Any advances made by Afghan women in politics, education and law in the last 10 years could be lost in a quick fix bargain for peace, Oxfam has warned.

Afghan women could face a dangerous future after 2014 if they are sidelined in the search for peace, according to a new Oxfam report ‘A Place at the Table: Safeguarding women’s rights in Afghanistan’, co-authored with Afghan academic Orzala Ashraf Nemat.

There has been criticism that governments did little to follow through claims that international military intervention that began in October 2001 would improve the lives of Afghan women.
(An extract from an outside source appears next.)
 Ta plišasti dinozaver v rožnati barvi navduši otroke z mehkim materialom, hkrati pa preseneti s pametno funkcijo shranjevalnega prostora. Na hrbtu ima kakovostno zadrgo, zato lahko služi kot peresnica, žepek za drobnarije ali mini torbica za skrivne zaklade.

Ten years on, any advances that were made  in areas such as political participation, the rule of law, and education have already begun to be eroded as security deteriorates across the country.

Against a backdrop of increased insecurity and fighting, violence against women is on the rise and their rights are being eroded as leaders show a lack of political will to protect and promote them.
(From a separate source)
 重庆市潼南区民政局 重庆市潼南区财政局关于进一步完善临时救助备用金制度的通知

New laws that criminalise practices such as honour killings, child marriages and giving away girls to settle disputes are only being enforced in 10 out Afghanistan’s 34 provinces.

In the second quarter of 2011, 1,026 cases of violence against women were registered by the Afghan Independent Human Rights Commission, compared to 2,700 cases in the whole of 2010.

There are 69 female MPs taking up 28 per cent of seats in the Afghan parliament,  just over the 25 per cent guaranteed in a quota system put into place in 2005.

The number of female ministers has fallen to one, compared to three in 2004 and the number of women in the civil service dropped from 31 per cent in 2006 to 18.5 per cent in 2010.

Women are also being sidelined in the reintegration and reconciliation process, the report says.

Oxfam has urged world leaders to ensure any peace includes benchmarks to guarantee women’s rights, such as monitoring the numbers of girls in school and the numbers of women in public life.

It also called on the Afghan government and international community to ensure the full participation of women in all peace processes and the matching of the government’s existing pledge of 30 per cent of women in government bodies, as well as continued funding for services that support women, such as schools and leadership programmes as well as access to basic services, beyond 2014.

Nemat said: “Recent history has been harsh to Afghan women – and we don’t want to see it repeated. We have made incredible gains in the last 10 years. Women are working as doctors, lawyers and businesswomen; and girls are at school.

“But what is life going to be like for us in the next 10 years? Already life is getting tougher for Afghan women. Afghan women want peace – not a stitch up deal that will confine us to our homes again. We are a voice that must be heard.”